"Люди, годы, жизнь", книга V
Шрифт:
Когда в конце января я сказал генералу Таленскому, что хочу поехать в Восточную Пруссию, он улыбнулся: «Только придется вам надеть форму, а то, чего доброго, вас примут за фрица». Звания у меня не было, и новенькая офицерская шинель без погон выглядела на мне, пожалуй, еще смешнее, чем мешковатое коричневое пальто. Впрочем, об этом я подумал только тогда, когда немцы начали меня упорно именовать «господином комиссаром».
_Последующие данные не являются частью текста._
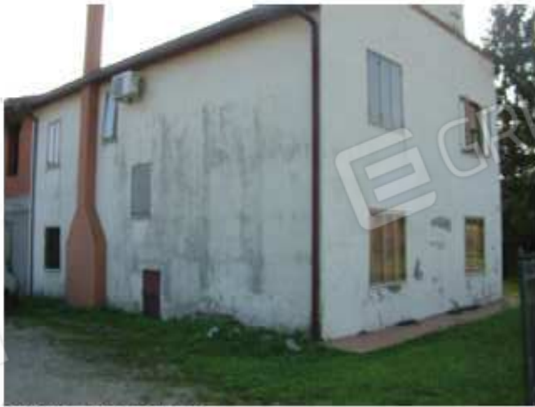
LOTTO 1 - Nord-Ovest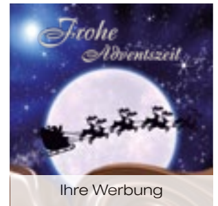
4 Mini Schokolade

Наши войска быстро продвигались на запад, оставляя позади островки, в которых держались окруженные гитлеровцы. В городе Бартенштейн еще горели дома; рядом были немецкие позиции. Я встретил генерала Чанчибадзе; он усмехался: «Это не Ржев…» Говорил, что солдаты рвутся вперед, жаловался: мало снарядов. (Немцы продержались в том «котле» еще два месяца.) В Эльбинге, когда я туда попал, продолжались уличные бои, хотя накануне сводка сообщала о взятии города. Враг порой поспешно отступал, порой отчаянно сопротивлялся Мины были заложены повсюду - в зданиях школ, в крестьянских амбарах, в магазинах обуви. Генерал
Все понимали, что дело идет к концу, но никто не был уверен, что до него доживет. В начале февраля погода резко изменилась - пришла ранняя весна, на солнце было тепло, в брошенных садах зацветали подснежники, лиловые крокусы. Близость развязки делала смерть особенно нелепой и страшной.
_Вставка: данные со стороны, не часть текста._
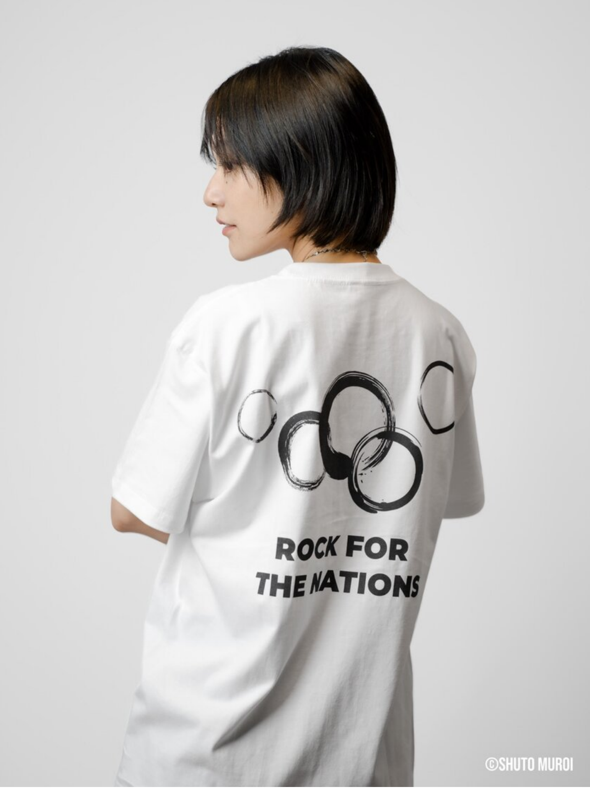
アパレル撮影サンプル

От мысли, что мы продвигаемся в глубь Германии, у меня кружилась голова. Я столько писал об этом, когда гитлеровцы были на Волге, а теперь я ехал по хорошей, гладкой дороге, обсаженной липами, глядел на старый замок, на ратушу, на магазины с немецкими вывесками, и все не верилось: неужели мы в Германии? Как-то повстречался я со старыми друзьями - тацинцами. Мы долго, улыбаясь, бессмысленно повторяли: «Вот, значит, где…»
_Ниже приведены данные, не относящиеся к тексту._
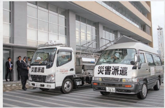
東日本大震災給水車派遣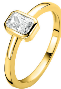
ZIR 2899 64. 95

Een erbetoon aan het decennium waarin zelfvertrouwen en stijl samenkwamen. De geometrische vormen en de gouden glans geven dat extra vleugje seventies glamour!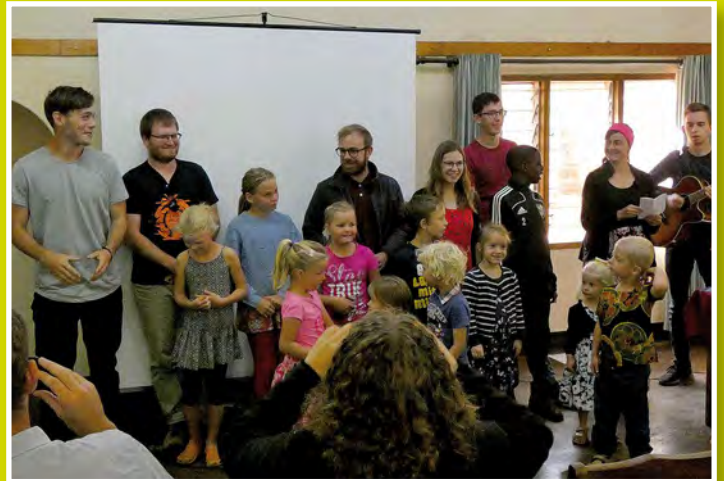
Az impact-csoport énekel a gyerekekkel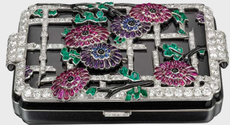
Schminketui »Chrysanthem« Lacloche Frères Ausführung Strauss, Allard & Meyer Paris, um 1928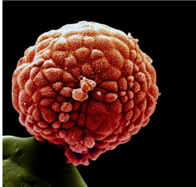
Blastula—de sfeer van het beginnend menskind

O p de diepste werkelijkheid van ieder geschapen ding heeft Hij het licht van één Zijner namen laten schijnen en het ontvankelijk gemaakt voor de heerlijkheid van één van Zijn hoedanigheden. Op de wezenlijkheid van de mens echter richtte Hij de glans van al Zijn namen en hoedanigheden en maakte hem tot een spiegel van Zijn eigen wezen.

Почти у каждого было свое горе: погибли два брата, сожгли дом и угнали сестер в Германию, убили мать в Полтаве, всю семью заму-чили в Гомеле -ненависть была живой, не успевшей притихнуть. Бог ты мой, если бы перед нами оказались Гитлер или Гиммлер, министры, гестаповцы, палачи!… Но на дорогах жалобно скрипели телеги, метались без толку старые немки, плакали дети, потерявшие матерей, и в сердце подымалась жалость. Я помнил, конечно, что немцы не жалели наших, все помнил, но одно дело фашизм, рейх, Германия, другие - старик в нелепой тирольской шляпе с перышком, который бежит по развороченной улице и машет клочком простыни.
В Растснбурге красноармеец яростно колол штыком девушку из папье-маше, стоявшую в витрине разгромленного магазина. Кукла кокетливо улыбалась, а он колол, колол. Я сказал: «Брось! Немцы смотрят…» Он ответил: «Гады! Жену замучили…» - он был белорусом.
В том же Растенбурге комендантом города назначили майора Розенфельда. Гитлеровцы убили его семью, а он делал все, чтобы оградить население немецкого города. Он оставил меня ночевать. В доме богатого фашиста на стене висела любительская фотография: дочь хозяина подносит букет Гитлеру. Местные жители рассказывали, что в этом доме останавливался фюрер, когда приезжал в Восточную Пруссию. Майор Розенфельд горевал, что его оторвали от полка, но работал чуть ли не круглые сутки. При мне к коменданту привели маленькую девочку - родители погибли. Майор ласково и печально глядел на нее, может быть, вспоминал свою дочку. Сколько раз он, наверно, повторял про себя слова о «священной мести», а в Растенбурге понял, что это была абстракция и что рана в его сердце не заживет.
Радость победы и здесь смешивалась с той печалью, которая неизменно рождается, когда видишь войну - не на полотне баталиста, не на экране, а под носом: расщепленные дома, пух от перин, беженцы, узлы, недоеные коровы, а чей-то долгий пронзительный визг застревает надолго в ушах.
Некоторые города были разбиты артиллерией; в Крейцбурге уцелела только тюрьма; среди развалин Велау я не нашел ни одного немца: все убежали. Другие города уцелели; в Растенбурге жители очищали улицы от обломков мебели, разломанных телег. В Эльбинге оказалось шестьдесят тысяч человек - треть населения осталась.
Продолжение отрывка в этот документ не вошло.